I'm a beginner in Prolog and I have two make tuples out of two lists using recursion. For example, func ([1, 2, 3], [4, 5, 6]) should output [(1, 4), (1,5), (1,6), (2, 4), (2, 5), (2, 6), (3, 4), (3 ,5), (3, 6)]. I have the following code:

func([],_,[]).
func([X|T1],Y,[Z|W]):-
    match(X,Y,Z),
    func(T1,Y,W).

match(X,[Y],[(X,Y)]).
match(X,[Y|T],[(X,Y)|Z]) :-
    match(X,T,Z).

But my output for func([1,2,3],[4,5,6],X) is X = [[(1, 4), (1, 5), (1, 6)], [(2, 4), (2, 5), (2, 6)], [(3, 4), (3, 5), (3, 6)]].
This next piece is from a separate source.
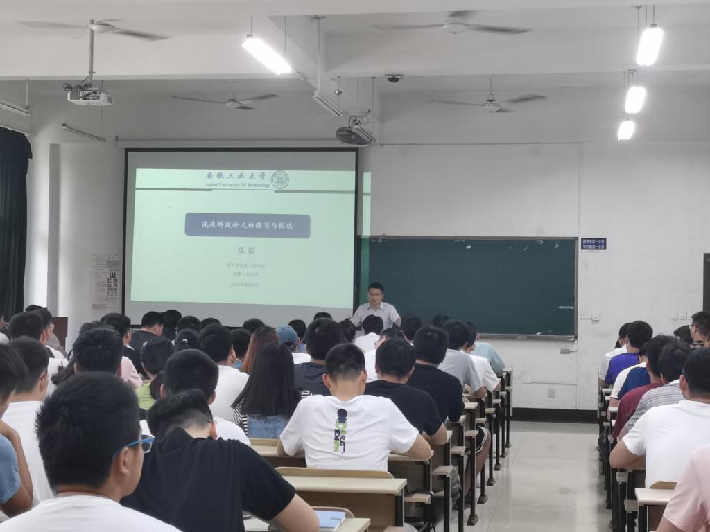 科研副院长沈浩教授在电气楼113教室为学院全体研究生及青年教师作了“科技论文的撰写与投稿”专题讲座。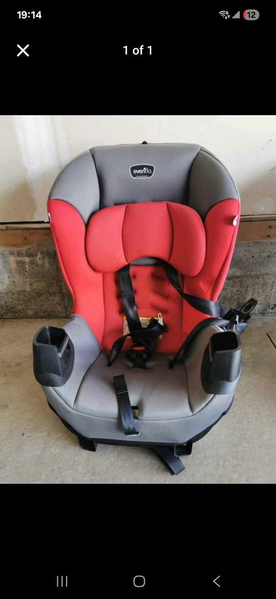 Selling an Evenflo car seat in good condition! It's grey and red, and has two built-in cup holders. Perfect for keeping your little one safe and comfy on the road.

How can I get rid of the extra square brackets in the middle of my output? I've tried playing with the parenthesis and brackets in both of my functions, but I can't figure it out.

Answer 1

Using the findall/3 standard predicate and the member/2 de facto standard predicate:

| ?- findall(X-Y, (member(X,[1,2,3]), member(Y,[4,5,6])), Pairs).

Pairs = [1-4,1-5,1-6,2-4,2-5,2-6,3-4,3-5,3-6]
yes

To understand this solution, observe that, for each value of X, we enumerate by backtracking all values of Y. I.e. when backtracking (as implicitly performed by the findall/3 predicate to construct a list of all solutions of its second argument), we exhaust all solutions for the last choice-point (the member(Y,[4,5,6]) goal) before backtracking to a previous choice-point (the member(X,[1,2,3]) goal). This is know as chronological backtracking and is one of the defining characteristics of Prolog.

Note that I used X-Y, the usual Prolog representation for a pair, instead of (X,Y), which is not a recommended solution for constructing n-tuples as it only works nicely for pairs of elements.